Orchestration (mediator topology)
A central orchestrator (AWS Step Functions, Temporal, Camunda, Netflix Conductor, a hand-rolled saga coordinator) drives the workflow. It sends commands to services and waits for replies.
+----------------------+
| Orchestrator |
| (Temporal workflow) |
+-+--+--+-+--+---------+
| | |
v v v
[bill][inv][ship][notify]
The orchestrator knows the state machine and keeps track of where the workflow is.
Why It Matters Here
These are the two ways events, sagas, and multi-service processes combine. Every multi-service workflow you design will be one, the other, or (often) a hybrid. The cost of picking wrong is paid slowly, in debugging and deploys.
The Tradeoff Table
| Axis | Choreography | Orchestration |
|---|---|---|
| Coupling | Each service coupled to events it emits/consumes | Each service coupled to the orchestrator's commands |
| Visibility | Poor -- workflow exists only as a graph of subscriptions | Good -- one place shows the state machine |
| Adding a new step | Add a subscriber to existing events | Change the orchestrator definition |
| Adding a new consumer who only observes | Trivial (subscribe) | Irrelevant to orchestrator |
| Failure handling | Each service handles its own; correlation is hard | Orchestrator sees failures and runs compensations |
| Retries | Per service; each invents its own policy | Centralized, declarative |
| Timeouts / long delays | Awkward; requires scheduling events | First-class (Temporal timers, Step Functions waits) |
| Debugging | "Why didn't X happen?" requires correlating logs | One execution-history view per run |
| Operational dependency | Broker only | Broker + orchestrator (SPOF-ish) |
| Best fit | Reactive integration, fan-out, small workflows | Business-critical workflows, long durations, explicit state |
Concrete Examples
Choreography is right: domain-event fan-out
OrderPlaced is published. billing, inventory, notifications, and analytics each consume it independently. There is no "workflow"; there are four independent reactions. Putting an orchestrator in the middle would add cost for no coordination benefit.

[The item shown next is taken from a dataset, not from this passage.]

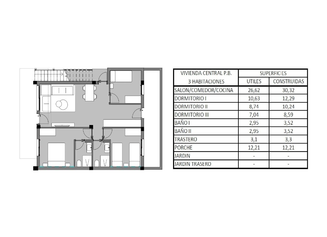 Apartamentele de la parter pot fi amenajate cu 2 dormitoare sau 3 dormitoare. San Miguel de Salinas are acces bun la aeroportul din Alicante prin AP-7. În 10 minute cu mașina puteți alege dintre 5 terenuri de golf. Plaja și bulevardul comercial din La Zenia sunt, de asemenea, accesibile în aproximativ 10 minute. În San Miguel de Salinas aveți toate... facilitățile imaginabile, supermarketuri, bănci, baruri și restaurante tipice spaniole, precum și bucătărie internațională, școli, terenuri de sport, piscină publică etc.

Orchestration is right: onboarding a new customer
Steps: create CRM record -> provision SaaS tenant -> send welcome email -> schedule kickoff call -> report to analytics. Some steps take days (wait for kickoff call to complete). Failures require specific compensations (cancel provisioning). The workflow is a first-class thing that business people care about; they need to see its state.
Implementation with Temporal or Step Functions makes the state machine explicit, lets support reps see "stuck at step 3 waiting on provisioning," and handles retries, timers, and compensations declaratively.
Hybrid is very common
Choreography at the edges, orchestration at the critical core. Orchestrators publish events when major stages complete, so observers can subscribe without becoming participants.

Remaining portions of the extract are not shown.